* **WORK INSTRUCTIONS**:
In your copy, leave out all pictures and reproduce every entry exactly.

* **DATA**:
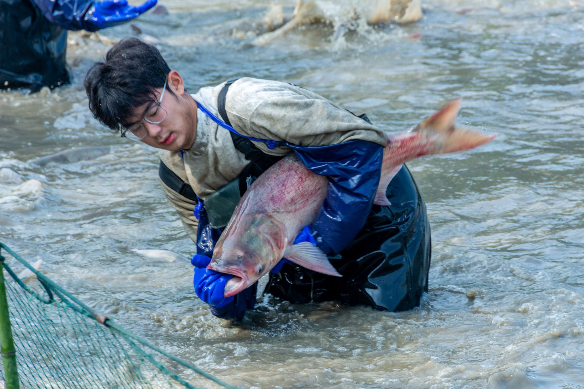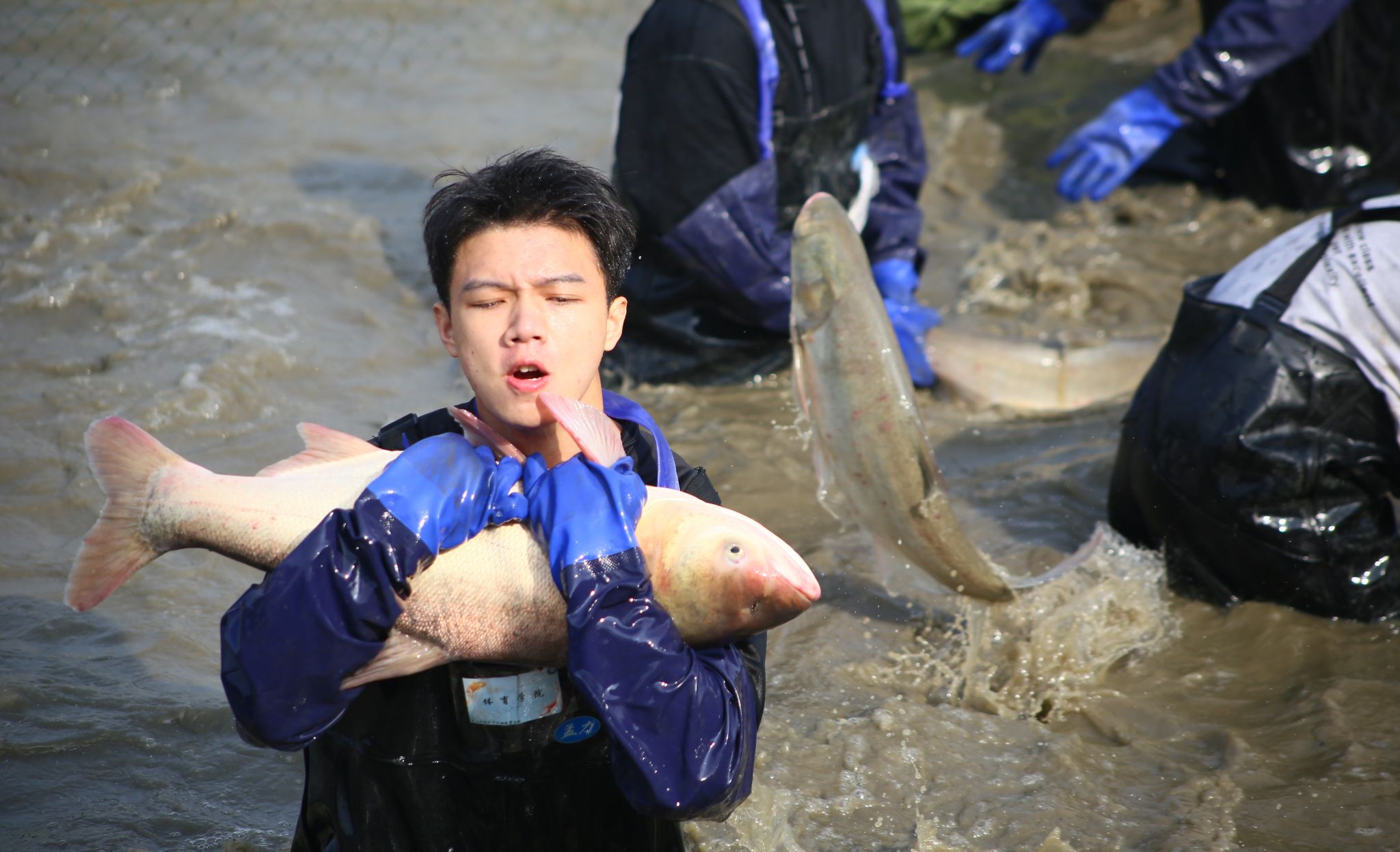 生科院两手抓鱼特写 陈楷林摄
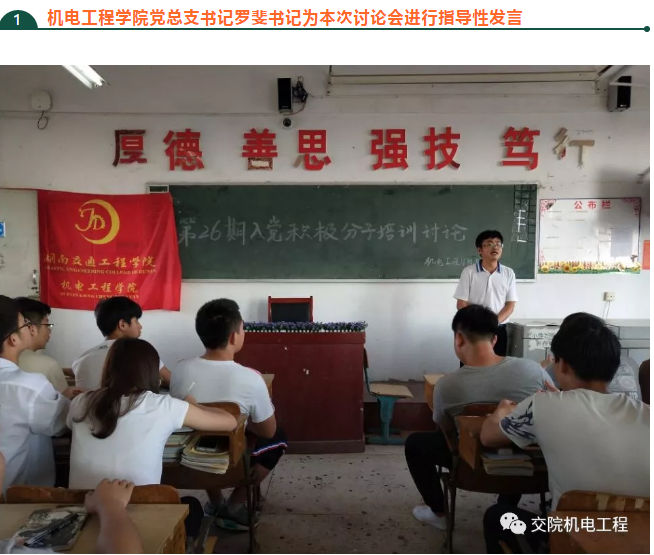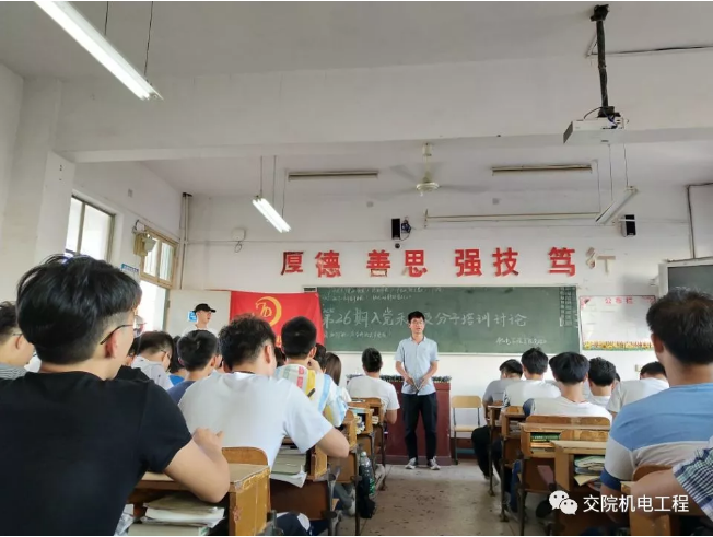 为进一步加强入党积极分子对党的基本理论知识的系统学习,提高入党积极分子的理论水平,确保新发展党员的质量,2018年5月14日,bevictor伟德官网机电工程学院第26期入党积极分子在教学楼510举办2018年度入党积极分子培训学习讨论,本次讨论由机电工程学院党总支学生支部组织,党总支罗斐书记参加并发表重要讲话。第26期入党积极分子培训班学员84人全部参加。
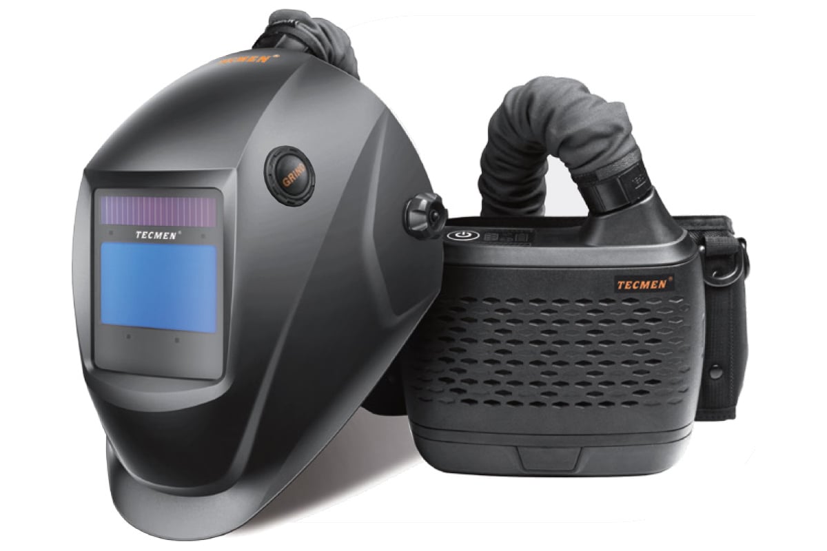 Маска сварщика TECMEN Хамелеон с подачей воздуха ADF 815S PAPR 100537769 защищает лицо, органы зрения и дыхания от негативных воздействий во время сварки.
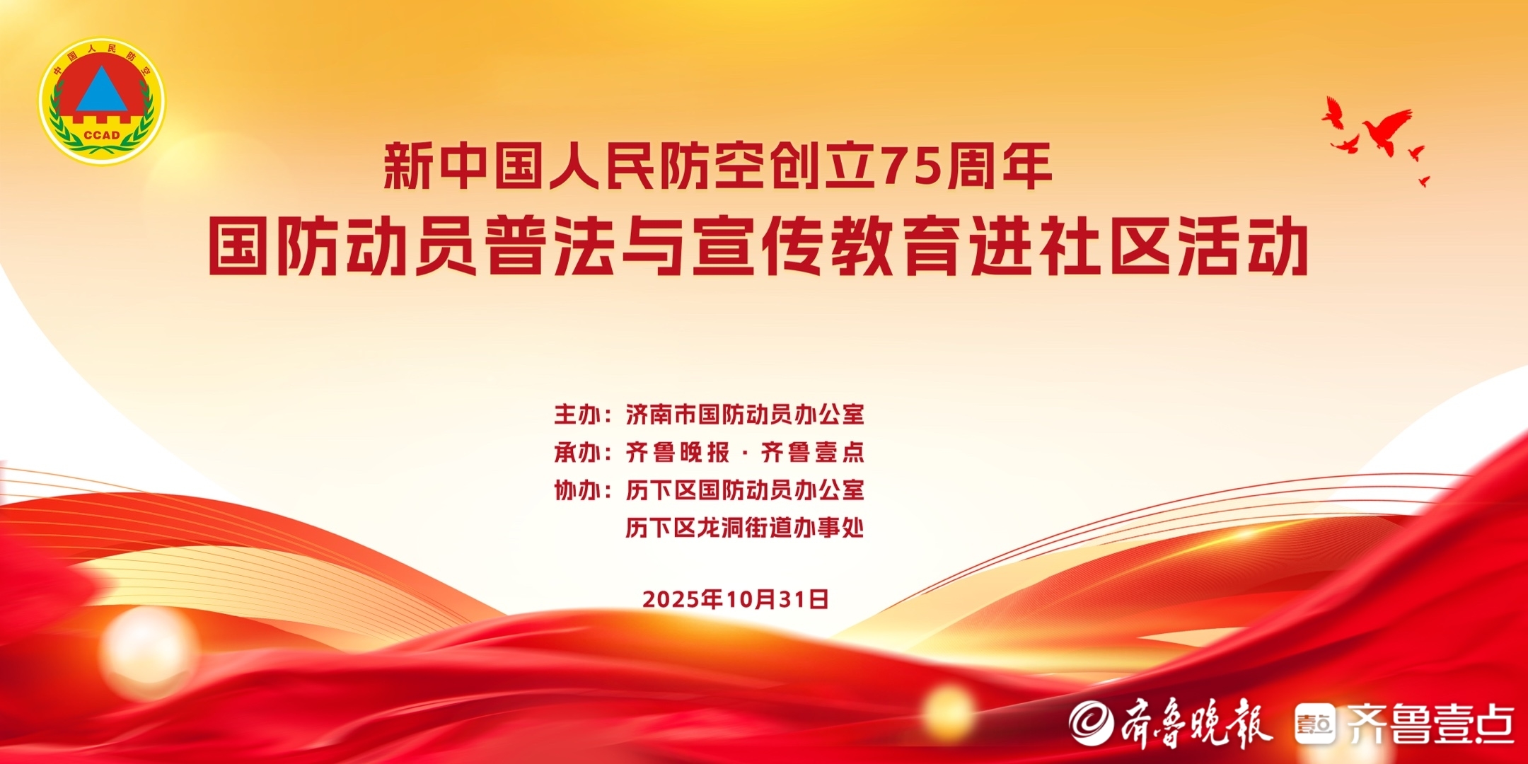 2025年10月31日,新中国人民防空创立75周年。为普及人民防空法律法规知识,提高防空防灾能力,增强全民国防观念和人防意识,10月31日,济南市国动办将走进济南市历下区龙洞街道西江华府社区组织开展国防动员普法与宣传教育进社区活动。
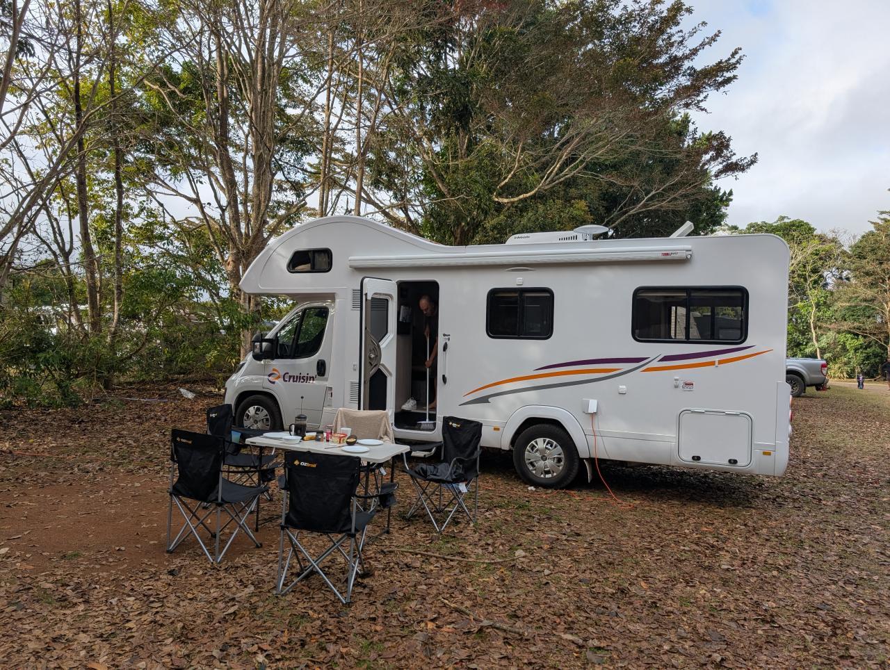 Die Atherton Tablelands erreichen wir über die Rex Range Road von Norden kommend. Ein kurzer Stopp am Rex Range Lookout bietet ein schönes Fotomotiv über die Berglandschaft. Vor der Stadt Mareeba erwartet mich viel Natur. Ein Campingplatz ermöglicht übrigens wildes Campen.
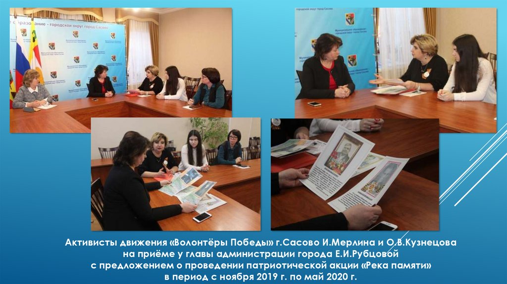 Активисты движения «Волонтёры Победы» г.Сасово И.Мерлина и О.В.Кузнецована приёме у главы администрации города Е.И.Рубцовой
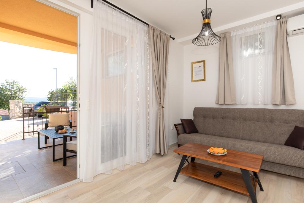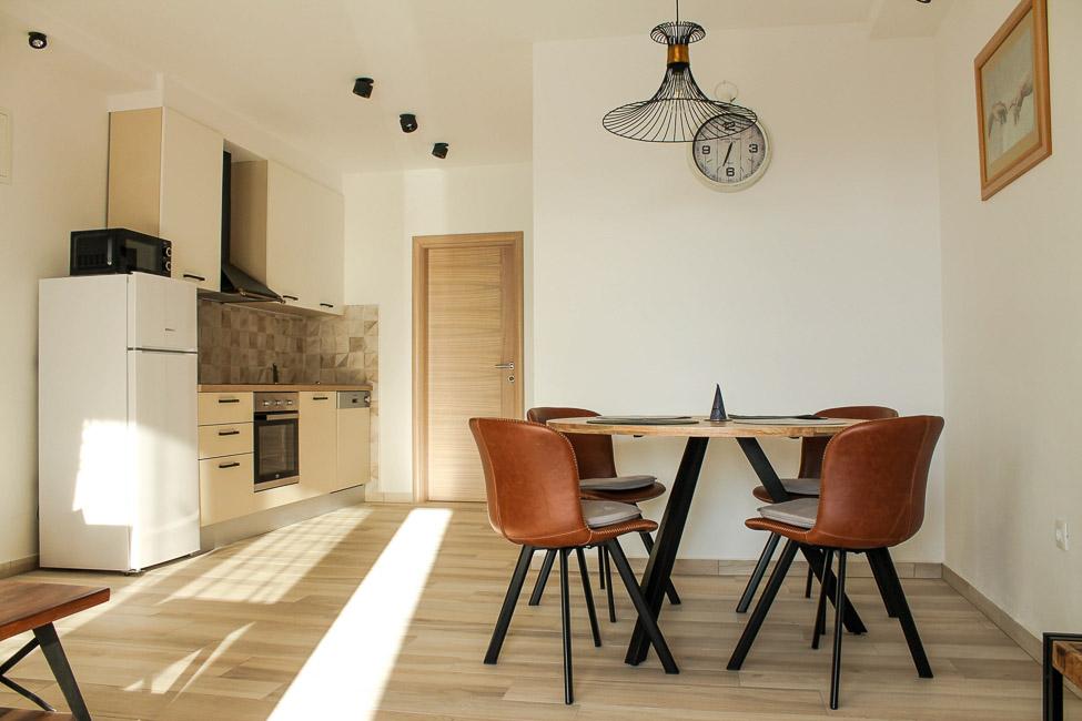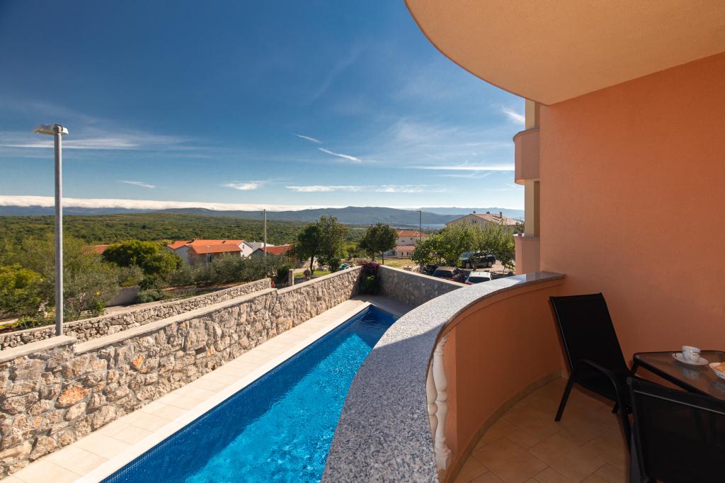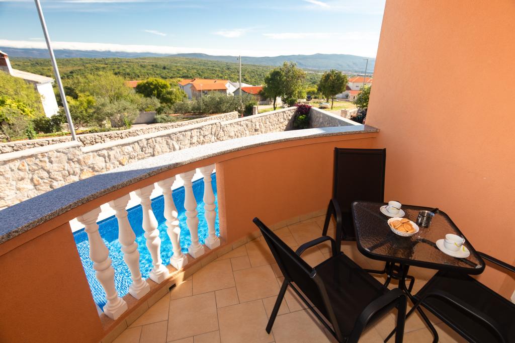 Wieś Salatić znajduje się około 3 km od miasta Krk, na wysokości około 140 m, z przyjemnym, łagodnym klimatem i świeżym powietrzem. Rozpościera się z niego wspaniały widok z Učki na Velebit aż do cudownego błękitnego morza i archipelagu Kvarner (Golog otok, Grgura, Cres...) Apartamenty składają się z jednego (A2 2) lub dwóch (A4 2) pokoi dwuosobowych , kuchnia, jadalnia, pokój dzienny, łazienka i balkon. ) Balkony ze wspomnianym już cudownym widokiem to idealne miejsce na spotkania towarzyskie przy obiedzie lub na spokojny popołudniowy odpoczynek. Wyposażony jest we wszystkie niezbędne urządzenia, które uczynią Państwa pobyt jeszcze przyjemniejszym i piękniejszym. Oferujemy również duży basen ze słoną wodą, doskonałe miejsce do wypoczynku, zabawy i uniknięcia tłumów na plażach. Apartamenty znajdują się zaledwie 5 minut jazdy samochodem od centrum Krk (3,5 km) i wielu miejskich plaż. Osada jest bardzo dobrze skomunikowana, co znacznie ułatwi ci zwiedzanie wiejskich części wyspy
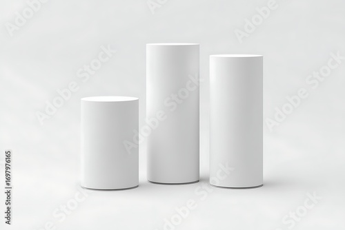 White cylinders on a white background. Three pillar objects. Minimalist
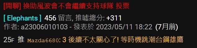 推 zyic: 反正無助一年,接下來能不能進季後賽,看看台鋼味全,還比 12/21 15:32
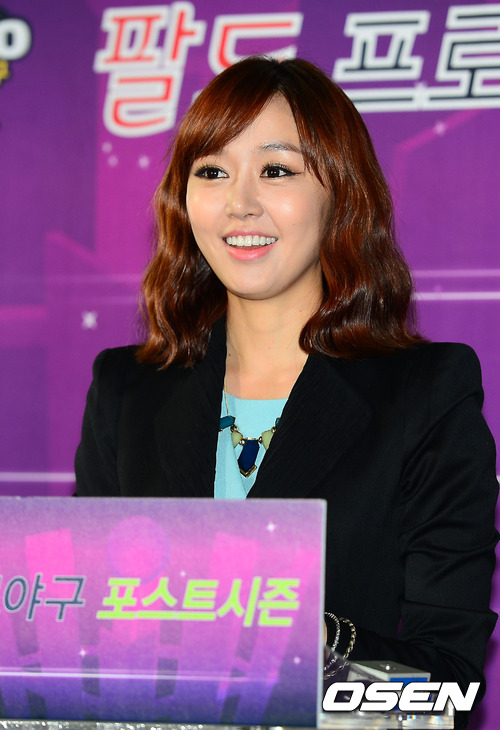 7일 오후 서울 잠실구장에서 진행된 2012 팔도프로야구 준플레이오프 미디어데이에서 김민아 아나운서가 진행을 하며 미소짓고 있다.
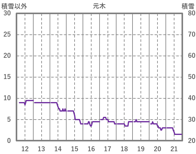 | 日 | 時 | 気温 | 降水 | 風向/風速 | 日照 | 積雪 | 降雪 |
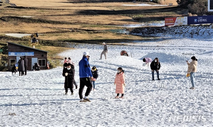 [횡성=뉴시스] 이덕화 기자 = 28일 강원 횡성군 소재 웰리힐리스노우파크가 인공 눈을 뿌리면서 내달 3일 개장을 준비하고 있는 가운데 아이들이 눈싸움을 하며 미리 찾아온 겨울을 만끽하고 있다. 2021.11.28. [email protected]
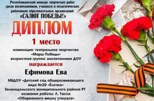 Ефимову Еву с победой в Республиканском конкурсе творческих работ "Салют Победы".

* **SOLUTION FOR THIS PROBLEM**:
 生科院两手抓鱼特写 陈楷林摄
 为进一步加强入党积极分子对党的基本理论知识的系统学习,提高入党积极分子的理论水平,确保新发展党员的质量,2018年5月14日,bevictor伟德官网机电工程学院第26期入党积极分子在教学楼510举办2018年度入党积极分子培训学习讨论,本次讨论由机电工程学院党总支学生支部组织,党总支罗斐书记参加并发表重要讲话。第26期入党积极分子培训班学员84人全部参加。
 Маска сварщика TECMEN Хамелеон с подачей воздуха ADF 815S PAPR 100537769 защищает лицо, органы зрения и дыхания от негативных воздействий во время сварки.
 2025年10月31日,新中国人民防空创立75周年。为普及人民防空法律法规知识,提高防空防灾能力,增强全民国防观念和人防意识,10月31日,济南市国动办将走进济南市历下区龙洞街道西江华府社区组织开展国防动员普法与宣传教育进社区活动。
 Die Atherton Tablelands erreichen wir über die Rex Range Road von Norden kommend. Ein kurzer Stopp am Rex Range Lookout bietet ein schönes Fotomotiv über die Berglandschaft. Vor der Stadt Mareeba erwartet mich viel Natur. Ein Campingplatz ermöglicht übrigens wildes Campen.
 Активисты движения «Волонтёры Победы» г.Сасово И.Мерлина и О.В.Кузнецована приёме у главы администрации города Е.И.Рубцовой
 Wieś Salatić znajduje się około 3 km od miasta Krk, na wysokości około 140 m, z przyjemnym, łagodnym klimatem i świeżym powietrzem. Rozpościera się z niego wspaniały widok z Učki na Velebit aż do cudownego błękitnego morza i archipelagu Kvarner (Golog otok, Grgura, Cres...) Apartamenty składają się z jednego (A2 2) lub dwóch (A4 2) pokoi dwuosobowych , kuchnia, jadalnia, pokój dzienny, łazienka i balkon. ) Balkony ze wspomnianym już cudownym widokiem to idealne miejsce na spotkania towarzyskie przy obiedzie lub na spokojny popołudniowy odpoczynek. Wyposażony jest we wszystkie niezbędne urządzenia, które uczynią Państwa pobyt jeszcze przyjemniejszym i piękniejszym. Oferujemy również duży basen ze słoną wodą, doskonałe miejsce do wypoczynku, zabawy i uniknięcia tłumów na plażach. Apartamenty znajdują się zaledwie 5 minut jazdy samochodem od centrum Krk (3,5 km) i wielu miejskich plaż. Osada jest bardzo dobrze skomunikowana, co znacznie ułatwi ci zwiedzanie wiejskich części wyspy
 White cylinders on a white background. Three pillar objects. Minimalist
 推 zyic: 反正無助一年,接下來能不能進季後賽,看看台鋼味全,還比 12/21 15:32
 7일 오후 서울 잠실구장에서 진행된 2012 팔도프로야구 준플레이오프 미디어데이에서 김민아 아나운서가 진행을 하며 미소짓고 있다.
 | 日 | 時 | 気温 | 降水 | 風向/風速 | 日照 | 積雪 | 降雪 |
 [횡성=뉴시스] 이덕화 기자 = 28일 강원 횡성군 소재 웰리힐리스노우파크가 인공 눈을 뿌리면서 내달 3일 개장을 준비하고 있는 가운데 아이들이 눈싸움을 하며 미리 찾아온 겨울을 만끽하고 있다. 2021.11.28. [email protected]
 Ефимову Еву с победой в Республиканском конкурсе творческих работ "Салют Победы".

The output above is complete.